We can see from video that there is a localization error in the longitudinal axis along the Eurasia tunnel. As expected, NDT based localization does not work properly here. However, since the NDT score cannot detect the distortion here, localization is not completely broken until the end of the tunnel. Localization is completely broken at the exit of the tunnel. I re-initialized the localization after vehicle exit the tunnel.

From this point on, we move on to the bridge scenario. This is one of the bridges connecting the Bosphorus and was the longest bridge on our route. Here too, we thought that NDT-based localization might be disrupted. However, I did not observe any disruption.

After this part there is another tunnel(Kagithane - Bomonti) and localization behaves similar to Eurasia tunnel. However, at the exit of this tunnel, it recovers localization on its own without the need for re-initialization.

##### Test 1 Summary

In summary, the places where there was visible deterioration with our test route were the tunnels. This was already an expected situation. Apart from this, we anticipated that we could have problems on the bridges, but I could not observe any deterioration in the localization on the bridges. Of course, it is useful to remind you at this point that these tests were conducted with a single data.

#### Test 2: Comparing Results with Ground Truth

1.) How NDT score changed ?

Along the route, only in a small section of the longest tunnel, the Eurasia Tunnel, did the NDT score remain below the expected values. However, there is a visible deterioration in localization in both tunnels on the route. As a result of this test, we saw that we cannot test the problems with the NDT score. You can see how the NDT score changes along the route in the image below. While looking at the visual, let's remember that the NDT score threshold is accepted as 2.3.

![ndt_nvtl drawio](https://github.com/user-attachments/assets/d2fcd062-856b-4dce-bd4a-8a1f49b835f4)

NDT Score (Nearest Voxel Transformation Likelihood) Threshold = 2.3

2.) Compare with Ground Truth

Ground Truth : In these tests, the post-processed GNSS / INS data was used as ground truth.
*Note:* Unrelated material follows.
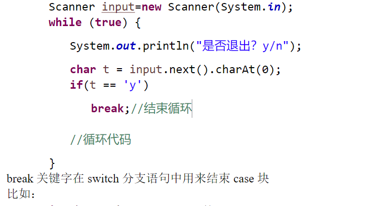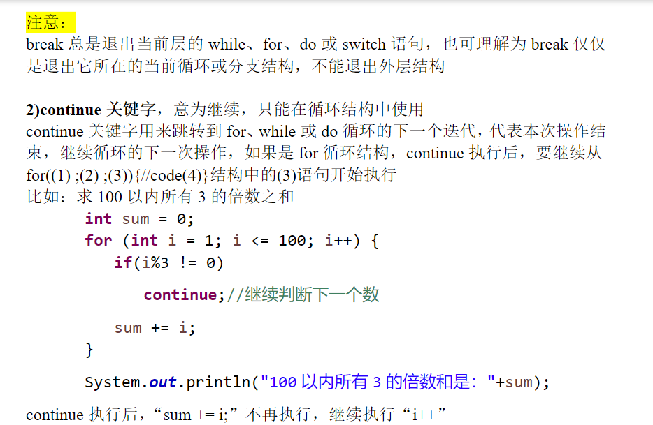 1)break關鍵字,作用是跳出、中斷,結合循環語句或分支switch結構使用,不可單獨應用

Since the error of this ground truth data also decreases in the tunnel environment, it is necessary to evaluate these regions by taking into account the Ground Truth error.

During these tests, I compared the NDT and EKF exposures with Ground Truth and presented the results. I am sharing the test results below as png. However, if you want to examine this data in more detail, I have created an executable file for you to visualize and take a closer look at. You can access this executable file from [here](https://drive.google.com/drive/folders/145QXl6wfV7IB9NS-PzFQtsNnxnAn6a9o?usp=sharing). Currently there is only a version that works on Ubuntu at this link, but I plan to add it for Windows as well.
You need to follow these steps:

```bash
cd /your/path/show_evaluation_ubuntu
./pose_main
```

You can also update configurations with changing /configs/evaluation_pose.yaml

2d Trajectory :
![2D_Trajectory drawio](https://github.com/user-attachments/assets/4eebd34f-dc87-4a2d-a4f9-07f068a7d8d7)

2D Error :
![2d_error](https://github.com/user-attachments/assets/01f1a5a0-6fbd-4ae2-aa86-4ce7b5cdf141)

3D Trajectory:
![3d_trajectory](https://github.com/user-attachments/assets/310b5d5f-430b-4f7a-b4fd-93063fc2ea8b)

3D Error:
![3d_error](https://github.com/user-attachments/assets/6ab4a1cf-ad69-4847-8747-26efb3e9ce8e)

Lateral Error:

![lateral_error](https://github.com/user-attachments/assets/50ffba9e-b1c2-4407-90bc-002886540f9a)

Longitudinal Error:
![longitudinal_error](https://github.com/user-attachments/assets/617ca024-7c29-4556-bb62-c1e54b19fd38)

Roll-Pitch-Yaw:
![rpy](https://github.com/user-attachments/assets/68eef655-189a-4552-a99c-ab89df2136af)

Roll-Pitch-Yaw Error:
![rpy_error](https://github.com/user-attachments/assets/071cd440-d64a-49a8-bf0a-86278e174048)

X-Y-Z:
![xyz](https://github.com/user-attachments/assets/6d946f18-98f7-4297-bb1b-fad936fd1328)

X-Y-Z Error:

![xyz_error](https://github.com/user-attachments/assets/612559cc-a973-4096-9a76-3e27d87539fd)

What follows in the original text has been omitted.